Der Sturm vor der Ruhe

OXFORD – Die Zentralbanken können aufhören, sich Sorgen um die Inflation zu machen. Kurzfristig ist eine Preisdeflation viel wahrscheinlicher. Allerdings muss eine zeitweilige Deflation nicht unbedingt jenen Schrecken verbreiten, den die Zentralbanker fürchten, zumindest nicht, wenn das Banksystem rekapitalisiert ist und die Zinssätze in den Industrieländern stark fallen.

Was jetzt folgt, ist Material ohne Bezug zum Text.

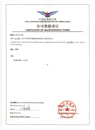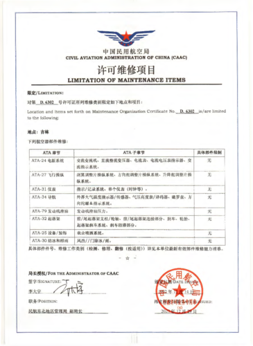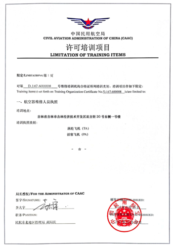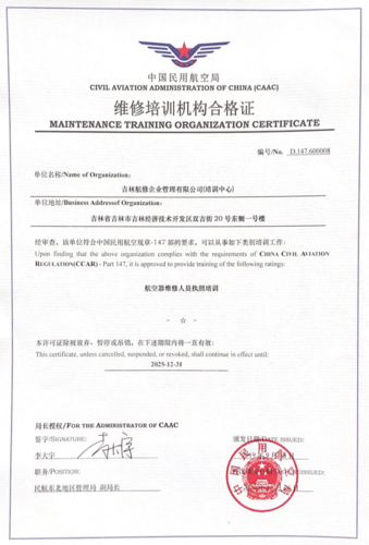 公司是中國民航局批準的CCAR-147民用航空器維修培訓機構,是吉林省首家CCAR-147基礎執照培訓機構。公司具備CCAR-66部軍民融合基本技能考點資質,同時是航空工業集團唯一一家民用航空器維修人員基礎執照培訓企業,也是民航局批準的全國首家軍民融合基本技能考點。
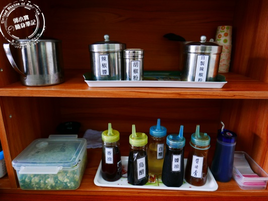 | 調味料中最特別的就是這店家自製的辣椒粉了,可惜小編不識貨啊沒有嘗到它厲害之處,後來聽老闆家人推薦,【自製辣椒粉+香油+烏醋】這樣的組合沾水餃好吃,下次小編再去試其它水餃時會試試這特別的沾醬。 |

Erst im September und Oktober stuften die amerikanische Federal Reserve und die Europäische Zentralbank das Inflationsrisiko als etwa gleich hoch wie das Wachstumsrisiko ein. Beide Zentralbanken zögerten, die Zinssätze spürbar zu senken. Auf den Finanzmärkten könnte man die Inflationserwartungen der Fed als repräsentativ für die Annahmen anderer Zentralbanken gesehen haben. Dieser Eindruck verstärkte sich durch die am 2. Oktober erfolgte überraschende Entscheidung der EZB, die Zinssätze unverändert zu lassen.

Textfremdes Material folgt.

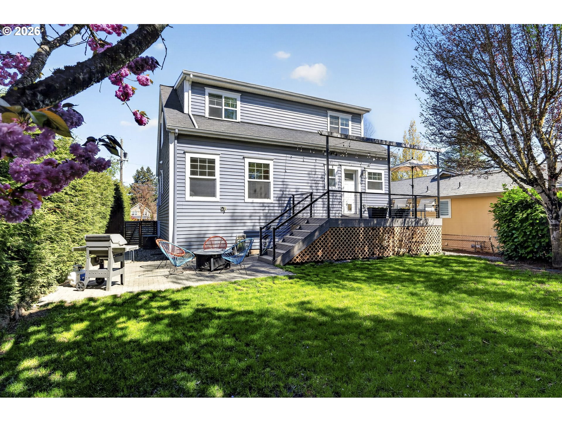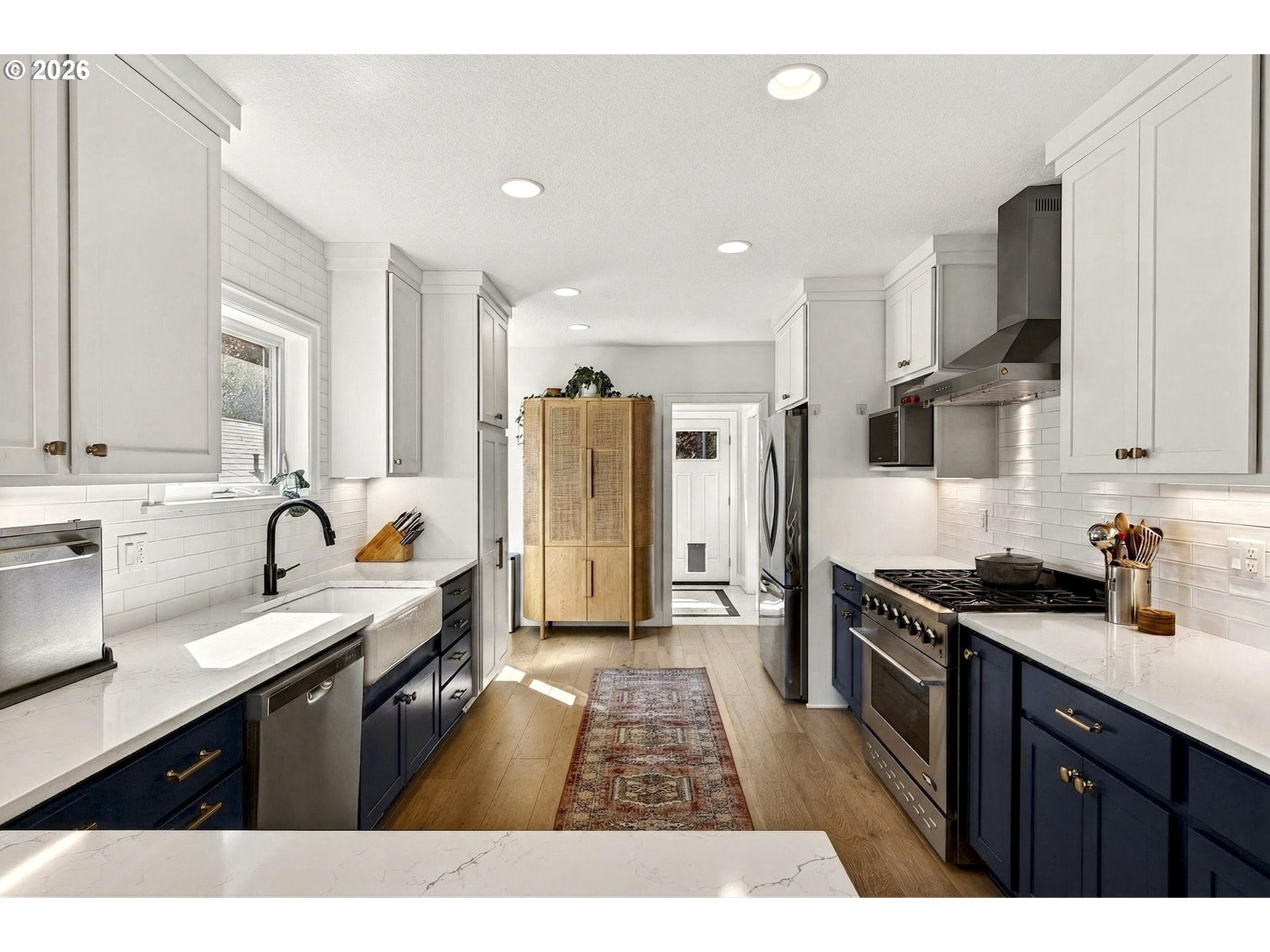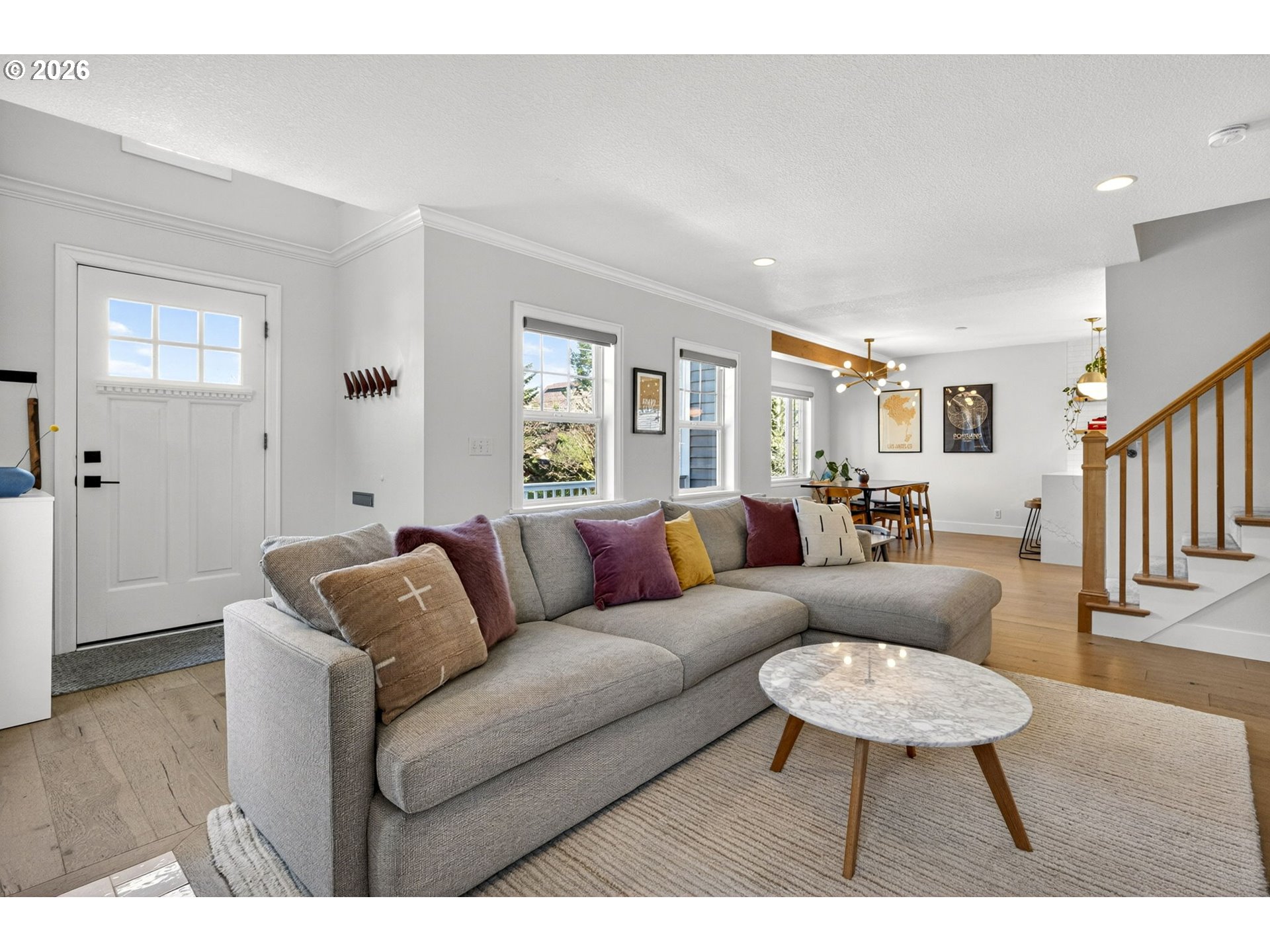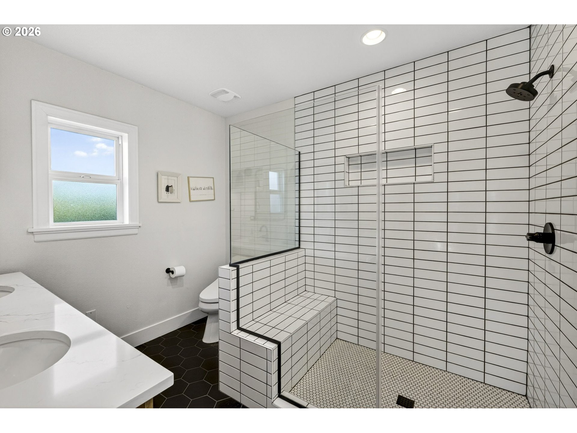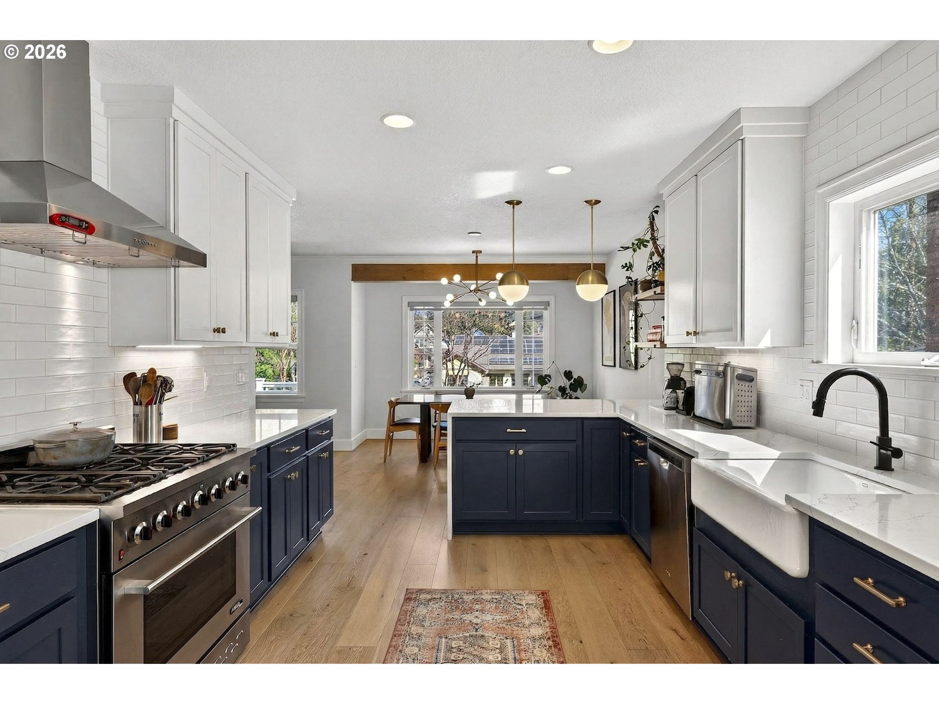 Nestled in one of Portland’s coveted neighborhoods, this Cape Cod–inspired home blends classic charm with thoughtful updates. Steep gables, dormer windows, and crisp white trim create timeless curb appeal, while a 2019 renovation refreshed nearly every surface inside. The wide-plank white oak floors and an open, airy layout set the tone for easy living and entertaining. At the center, the updated kitchen features new cabinetry, a quartz island with seating, subway tile backsplash, farmhouse sink, and updated lighting—flowing seamlessly into the living area anchored by a fireplace.The main-level primary suite offers convenience and comfort with an ensuite bath featuring a walk-in shower and double vanity. Upstairs, two additional bedrooms are complemented by a vaulted bonus room with dormers—ideal as a fourth bedroom, office, or media space. All bathrooms were updated in 2019, and new window treatments throughout add a cohesive, finished feel to the home. From the Trex deck to the paver patio with its perfect fire pit setting, this fully fenced backyard is made for summer nights and easy entertaining. Inside, you'll find peace of mind with a newer furnace (2023), central AC (2019), a dedicated laundry room, and an EV-ready tandem garage. In the coveted Duniway school district and conveniently located near Reed College, with easy access to the shops and restaurants in Woodstock and Sellwood.

Im Oktober befanden sich die USA hinsichtlich der Inflation an der Schwelle des bedeutsamsten Wendepunktes der letzten 20 Jahre. Natürlich sind Inflationsprognosen bekanntermaßen schwierig. In der Weltwirtschaft gab es ebenso große strukturelle Veränderungen (beispielsweise die Handels- und Finanzliberalisierung) wie in einzelnen Ökonomien (etwa den Niedergang der Gewerkschaften). In der Geldpolitik hat man das Augenmerk verstärkt auf die Inflation verlagert.